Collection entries
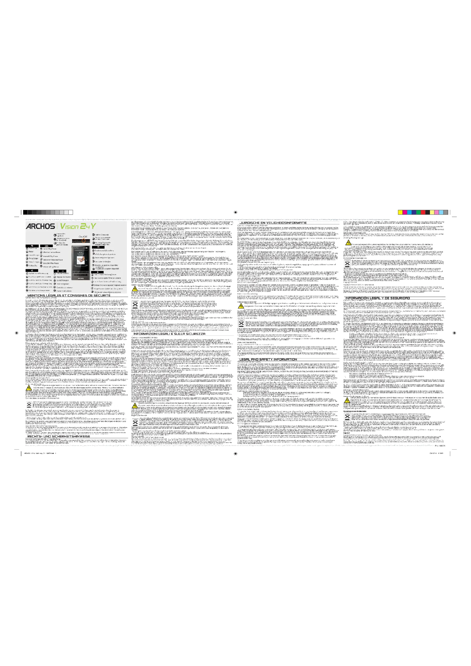 Ce produit est vendu avec une garantie limitée et des solutions spéciques sont mises à disposition de l’acheteur initial au cas où le produit ne serait pas conforme à cette même garantie limitée. La responsabilité du fabricant peut être davantage limitée en accord avec le contrat de vente consenti. En règle générale, et de manière non limitative, le fabricant ne peut être tenu responsable des dégâts causés au produit par des catastrophes naturelles, incendies, décharges électrostatiques, utilisations incorrectes ou abusives, négligences, manipulations ou installations incorrectes, réparations non autorisées, altérations ou accidents. En aucun cas, le fabricant ne peut être responsable de la perte de données stockées sur le disque. LE FABRICANT NE PEUT ÊTRE TENU RESPONSABLE DES DOMMAGES EXCEPTIONNELS, ACCIDENTELS OU INDIRECTS MEME S’IL A ETE INFORME DE CETTE EVENTUALITE A L’AVANCE. Le cédant (la société ARCHOS) n’accorde aucune garantie concernant les appareils sous licence, que celle-ci soit expresse ou tacite, y compris, mais sans aucune limitation, les garanties implicites de qualité marchande et d’aptitude pour atteindre un but particulier. Le cédant n’offre aucune garantie ni ne fait aucune démarche quant à l’utilisation ou aux conséquences de l’utilisation des appareils sous licence en matière d’exactitude, précision, abilité ou autre. En outre, en tant que cessionnaire vous assumez tout risque relatif aux résultats et performances de l’appareil sous licence. L’exclusion de garanties tacites n’est pas permise par certaines juridictions. Il est donc possible que l’exclusion mentionnée ci-dessus ne vous soit pas applicable. En aucun cas, le cédant et ses directeurs, cadres, employés ou agents (collectivement dénommés cédant ARCHOS) ne peuvent être tenus responsables pour des dommages consécutifs, accidentels ou indirects (y compris, sans que la liste soit exhaustive, des dommages provenant de la perte de bénéces commerciaux, d’une interruption de l’activité commerciale, de la perte d’informations professionnelles) découlant de l’utilisation, ou de l’incapacité à utiliser les appareils sous licence même si le cédant a été prévenu de cette éventualité. Étant donné que certaines juridictions ne reconnaissent pas l’exclusion ou la limitation de responsabilité quant aux dommages indirects ou accidentels, il est donc possible que les limitations stipulées ci-dessus ne vous soient pas applicables. Veuillez consulter votre contrat de vente pour obtenir la convention complète des droits de garantie, des solutions et de la limitation de responsabilité. De plus, la garantie ne couvre pas : les dommages ou problèmes causés par une utilisation incorrecte ou abusive, un accident, une altération ou un branchement électrique d’intensité ou de voltage tension inappropriée., les produits modiés, ni ceux dont le scellé de garantie ou le numéro de série ont été endommagés. les produits dépourvus de garantie ou de numéro de série. les batteries ou autres consommables livrés avec ou compris dans l’équipement. L’utilisateur nal s’engage à utiliser ce produit conformément à sa destination initiale, sans y apporter une quelconque modication technique susceptible de porter atteinte aux droits des tiers. Les modications apportées aux circuits électroniques, au logiciel ou au boîtier de ce produit doivent être expressément approuvées par ARCHOS, sous peine d’annulation de toutes les clauses de garantie. Dans le cadre de la garantie contractuelle de ses produits, ARCHOS s’engage à assurer la disponibilité des pièces et composants essentiels à l’utilisation et au fonctionnement des produits pendant une période de deux ans à compter de leur première mise sur le marché au prot des consommateurs. Mises en garde sur la batterie Lithium-ion ! Ce produit est équipé d’une batterie Lithium-ion. N’essayez pas de percer la batterie, de l’ouvrir ou bien de la démonter. Gardez le produit à l’abri de tout environnement humide et/ou corrosif. Gardez-le également à l’abri de toute source de chaleur (environne- ment à température élevée, exposition en plein soleil, récipient sous-pression ou four à micro-ondes). Le produit ne doit pas être exposé à une température supérieure à 60°C. En cas de fuite et de contact avec du liquide s’échappant de la batterie, rincez soigneusement à l’eau la zone exposée et consultez immédiatement un médecin. Le non-respect de ces recommandations risquerait de provoquer des fuites d’acide ou une surchauffe de la batterie, laquelle pourrait alors s’enammer ou exploser et causer des dommages matériels et/ou corporels sévères. Adressez- vous uniquement à des personnes qualiées pour réparer votre ARCHOS. En faisant appel à des personnes non qualiées pour réparer votre produit, vous risquez de l’endommager et de voir sa garantie annulée. Déclaration de conformité FCC Cet appareil a été testé et déclaré conforme aux recommandations établies pour un appareil numérique de classe B comme stipulé à la section 15 des réglementations FCC. Ces recommandations sont imposées an de garantir une protection raisonnable contre les interférences dans un environnement résidentiel. Cet appareil produit, utilise et peut émettre une énergie haute fréquence et, s’il n’est pas installé et utilisé conformément aux instructions, provoquer des interférences gênantes pour les communications radio. Des risques d’interférences ne peuvent toutefois pas être totalement exclus dans certaines installations. Dans le cas d’interférences gênantes pour la réception d’émissions radio ou télédiffusées (il suft, pour le constater, d’allumer et d’éteindre l’appareil), l’utilisateur est invité à prendre l’une des mesures suivantes pour les éliminer :Réorienter et déplacer l’antenne 
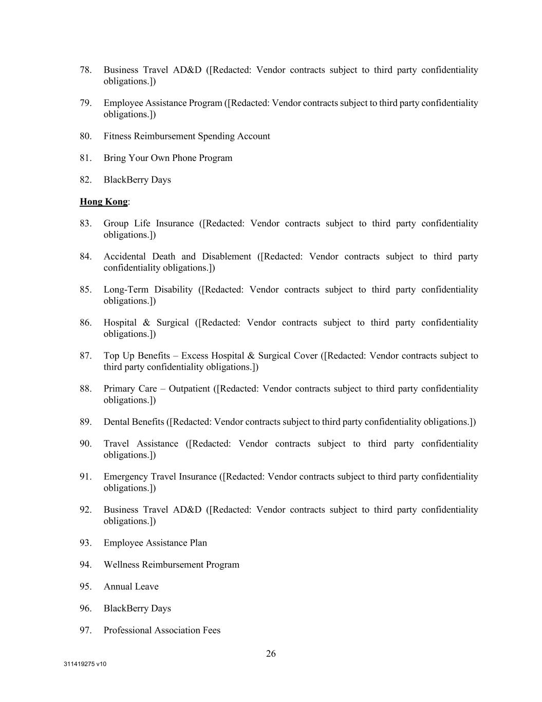311419275 v10 26 78. Business Travel AD&D ([Redacted: Vendor contracts subject to third party confidentiality obligations.]) 79. Employee Assistance Program ([Redacted: Vendor contracts subject to third party confidentiality obligations.]) 80. Fitness Reimbursement Spending Account 81. Bring Your Own Phone Program 82. BlackBerry Days Hong Kong: 83. Group Life Insurance ([Redacted: Vendor contracts subject to third party confidentiality obligations.]) 84. Accidental Death and Disablement ([Redacted: Vendor contracts subject to third party confidentiality obligations.]) 85. Long-Term Disability ([Redacted: Vendor contracts subject to third party confidentiality obligations.]) 86. Hospital & Surgical ([Redacted: Vendor contracts subject to third party confidentiality obligations.]) 87. Top Up Benefits – Excess Hospital & Surgical Cover ([Redacted: Vendor contracts subject to third party confidentiality obligations.]) 88. Primary Care – Outpatient ([Redacted: Vendor contracts subject to third party confidentiality obligations.]) 89. Dental Benefits ([Redacted: Vendor contracts subject to third party confidentiality obligations.]) 90. Travel Assistance ([Redacted: Vendor contracts subject to third party confidentiality obligations.]) 91. Emergency Travel Insurance ([Redacted: Vendor contracts subject to third party confidentiality obligations.]) 92. Business Travel AD&D ([Redacted: Vendor contracts subject to third party confidentiality obligations.]) 93. Employee Assistance Plan 94. Wellness Reimbursement Program 95. Annual Leave 96. BlackBerry Days 97. Professional Association Fees
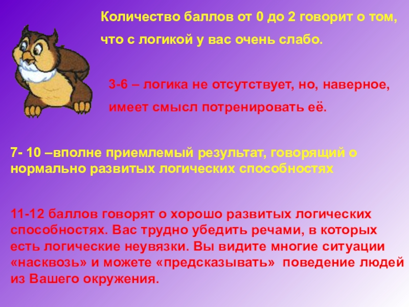 11-12 баллов говорят о хорошо развитых логических способностях. Вас трудно убедить речами, в которых есть логические неувязки. Вы видите многие ситуации «насквозь» и можете «предсказывать» поведение людей из Вашего окружения.
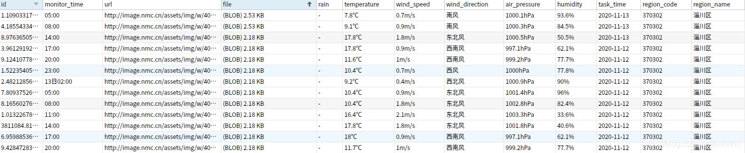 String sql = "INSERT INTO twenty_four_hour_weather(id,monitor_time,url,file,rain,temperature,wind_speed,wind_direction,air_pressure,humidity,region_name,region_code,task_time) VALUES (?,?,?,?,?,?,?,?,?,?,?,?,now());";
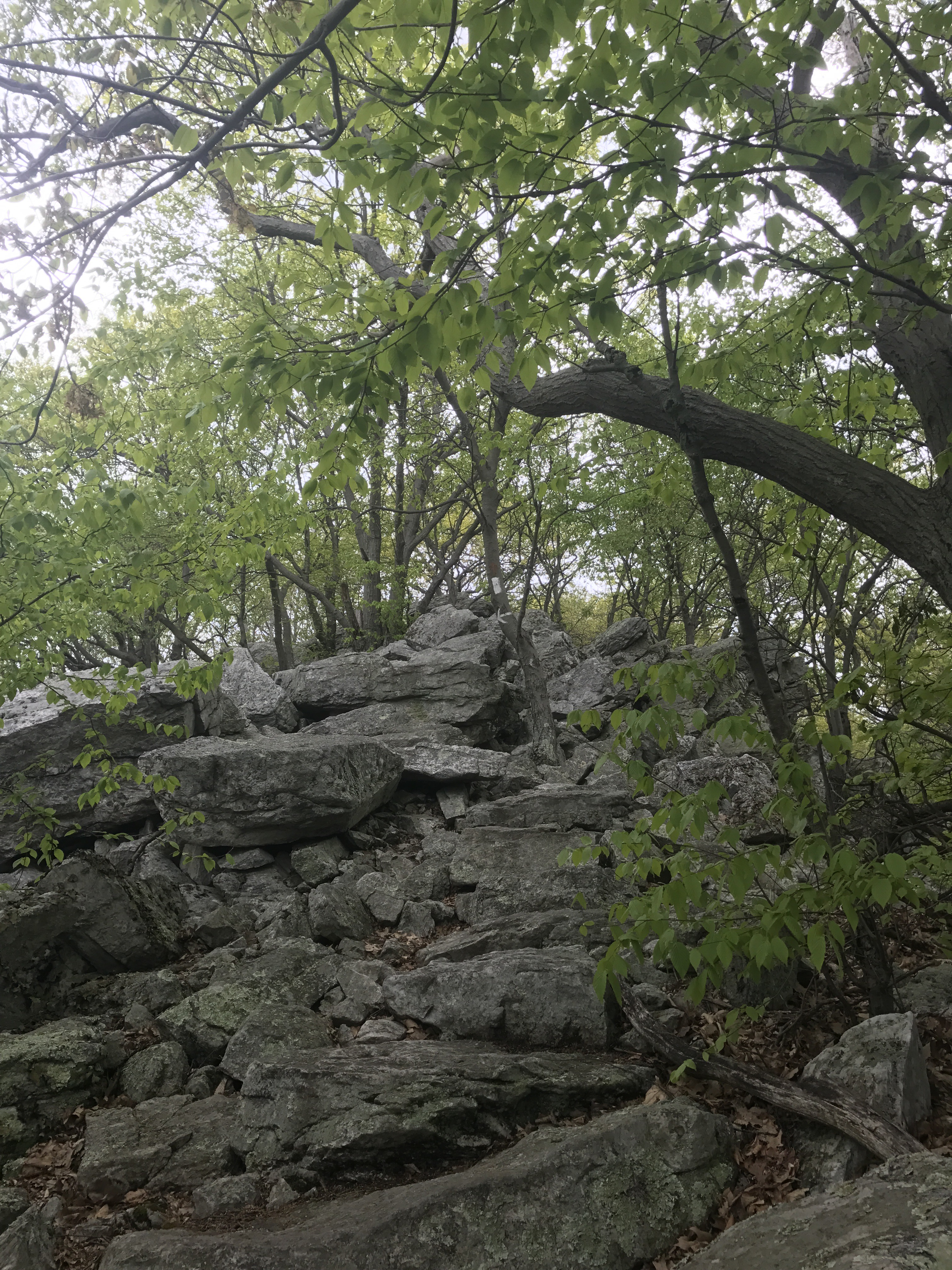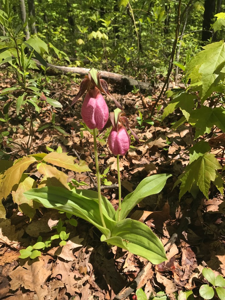 Followed by a nice walk along the ridge. Only a few boulder hopping sections today, but a couple of long gradual descents that made for tired quads. The woods were filled with older trees and there were pockets of bird song and the occasional stream crossing. I saw a total of 13 lady slippers today. Wonder what is about Pennsylvania that they love so much.

* [ASSIGNMENT]
Only the words belong in your copy: restate the data above exactly and leave the images out.

* [ANSWER SPACE]
 Ce produit est vendu avec une garantie limitée et des solutions spéciques sont mises à disposition de l’acheteur initial au cas où le produit ne serait pas conforme à cette même garantie limitée. La responsabilité du fabricant peut être davantage limitée en accord avec le contrat de vente consenti. En règle générale, et de manière non limitative, le fabricant ne peut être tenu responsable des dégâts causés au produit par des catastrophes naturelles, incendies, décharges électrostatiques, utilisations incorrectes ou abusives, négligences, manipulations ou installations incorrectes, réparations non autorisées, altérations ou accidents. En aucun cas, le fabricant ne peut être responsable de la perte de données stockées sur le disque. LE FABRICANT NE PEUT ÊTRE TENU RESPONSABLE DES DOMMAGES EXCEPTIONNELS, ACCIDENTELS OU INDIRECTS MEME S’IL A ETE INFORME DE CETTE EVENTUALITE A L’AVANCE. Le cédant (la société ARCHOS) n’accorde aucune garantie concernant les appareils sous licence, que celle-ci soit expresse ou tacite, y compris, mais sans aucune limitation, les garanties implicites de qualité marchande et d’aptitude pour atteindre un but particulier. Le cédant n’offre aucune garantie ni ne fait aucune démarche quant à l’utilisation ou aux conséquences de l’utilisation des appareils sous licence en matière d’exactitude, précision, abilité ou autre. En outre, en tant que cessionnaire vous assumez tout risque relatif aux résultats et performances de l’appareil sous licence. L’exclusion de garanties tacites n’est pas permise par certaines juridictions. Il est donc possible que l’exclusion mentionnée ci-dessus ne vous soit pas applicable. En aucun cas, le cédant et ses directeurs, cadres, employés ou agents (collectivement dénommés cédant ARCHOS) ne peuvent être tenus responsables pour des dommages consécutifs, accidentels ou indirects (y compris, sans que la liste soit exhaustive, des dommages provenant de la perte de bénéces commerciaux, d’une interruption de l’activité commerciale, de la perte d’informations professionnelles) découlant de l’utilisation, ou de l’incapacité à utiliser les appareils sous licence même si le cédant a été prévenu de cette éventualité. Étant donné que certaines juridictions ne reconnaissent pas l’exclusion ou la limitation de responsabilité quant aux dommages indirects ou accidentels, il est donc possible que les limitations stipulées ci-dessus ne vous soient pas applicables. Veuillez consulter votre contrat de vente pour obtenir la convention complète des droits de garantie, des solutions et de la limitation de responsabilité. De plus, la garantie ne couvre pas : les dommages ou problèmes causés par une utilisation incorrecte ou abusive, un accident, une altération ou un branchement électrique d’intensité ou de voltage tension inappropriée., les produits modiés, ni ceux dont le scellé de garantie ou le numéro de série ont été endommagés. les produits dépourvus de garantie ou de numéro de série. les batteries ou autres consommables livrés avec ou compris dans l’équipement. L’utilisateur nal s’engage à utiliser ce produit conformément à sa destination initiale, sans y apporter une quelconque modication technique susceptible de porter atteinte aux droits des tiers. Les modications apportées aux circuits électroniques, au logiciel ou au boîtier de ce produit doivent être expressément approuvées par ARCHOS, sous peine d’annulation de toutes les clauses de garantie. Dans le cadre de la garantie contractuelle de ses produits, ARCHOS s’engage à assurer la disponibilité des pièces et composants essentiels à l’utilisation et au fonctionnement des produits pendant une période de deux ans à compter de leur première mise sur le marché au prot des consommateurs. Mises en garde sur la batterie Lithium-ion ! Ce produit est équipé d’une batterie Lithium-ion. N’essayez pas de percer la batterie, de l’ouvrir ou bien de la démonter. Gardez le produit à l’abri de tout environnement humide et/ou corrosif. Gardez-le également à l’abri de toute source de chaleur (environne- ment à température élevée, exposition en plein soleil, récipient sous-pression ou four à micro-ondes). Le produit ne doit pas être exposé à une température supérieure à 60°C. En cas de fuite et de contact avec du liquide s’échappant de la batterie, rincez soigneusement à l’eau la zone exposée et consultez immédiatement un médecin. Le non-respect de ces recommandations risquerait de provoquer des fuites d’acide ou une surchauffe de la batterie, laquelle pourrait alors s’enammer ou exploser et causer des dommages matériels et/ou corporels sévères. Adressez- vous uniquement à des personnes qualiées pour réparer votre ARCHOS. En faisant appel à des personnes non qualiées pour réparer votre produit, vous risquez de l’endommager et de voir sa garantie annulée. Déclaration de conformité FCC Cet appareil a été testé et déclaré conforme aux recommandations établies pour un appareil numérique de classe B comme stipulé à la section 15 des réglementations FCC. Ces recommandations sont imposées an de garantir une protection raisonnable contre les interférences dans un environnement résidentiel. Cet appareil produit, utilise et peut émettre une énergie haute fréquence et, s’il n’est pas installé et utilisé conformément aux instructions, provoquer des interférences gênantes pour les communications radio. Des risques d’interférences ne peuvent toutefois pas être totalement exclus dans certaines installations. Dans le cas d’interférences gênantes pour la réception d’émissions radio ou télédiffusées (il suft, pour le constater, d’allumer et d’éteindre l’appareil), l’utilisateur est invité à prendre l’une des mesures suivantes pour les éliminer :Réorienter et déplacer l’antenne 
311419275 v10 26 78. Business Travel AD&D ([Redacted: Vendor contracts subject to third party confidentiality obligations.]) 79. Employee Assistance Program ([Redacted: Vendor contracts subject to third party confidentiality obligations.]) 80. Fitness Reimbursement Spending Account 81. Bring Your Own Phone Program 82. BlackBerry Days Hong Kong: 83. Group Life Insurance ([Redacted: Vendor contracts subject to third party confidentiality obligations.]) 84. Accidental Death and Disablement ([Redacted: Vendor contracts subject to third party confidentiality obligations.]) 85. Long-Term Disability ([Redacted: Vendor contracts subject to third party confidentiality obligations.]) 86. Hospital & Surgical ([Redacted: Vendor contracts subject to third party confidentiality obligations.]) 87. Top Up Benefits – Excess Hospital & Surgical Cover ([Redacted: Vendor contracts subject to third party confidentiality obligations.]) 88. Primary Care – Outpatient ([Redacted: Vendor contracts subject to third party confidentiality obligations.]) 89. Dental Benefits ([Redacted: Vendor contracts subject to third party confidentiality obligations.]) 90. Travel Assistance ([Redacted: Vendor contracts subject to third party confidentiality obligations.]) 91. Emergency Travel Insurance ([Redacted: Vendor contracts subject to third party confidentiality obligations.]) 92. Business Travel AD&D ([Redacted: Vendor contracts subject to third party confidentiality obligations.]) 93. Employee Assistance Plan 94. Wellness Reimbursement Program 95. Annual Leave 96. BlackBerry Days 97. Professional Association Fees
 11-12 баллов говорят о хорошо развитых логических способностях. Вас трудно убедить речами, в которых есть логические неувязки. Вы видите многие ситуации «насквозь» и можете «предсказывать» поведение людей из Вашего окружения.
 String sql = "INSERT INTO twenty_four_hour_weather(id,monitor_time,url,file,rain,temperature,wind_speed,wind_direction,air_pressure,humidity,region_name,region_code,task_time) VALUES (?,?,?,?,?,?,?,?,?,?,?,?,now());";
 Followed by a nice walk along the ridge. Only a few boulder hopping sections today, but a couple of long gradual descents that made for tired quads. The woods were filled with older trees and there were pockets of bird song and the occasional stream crossing. I saw a total of 13 lady slippers today. Wonder what is about Pennsylvania that they love so much.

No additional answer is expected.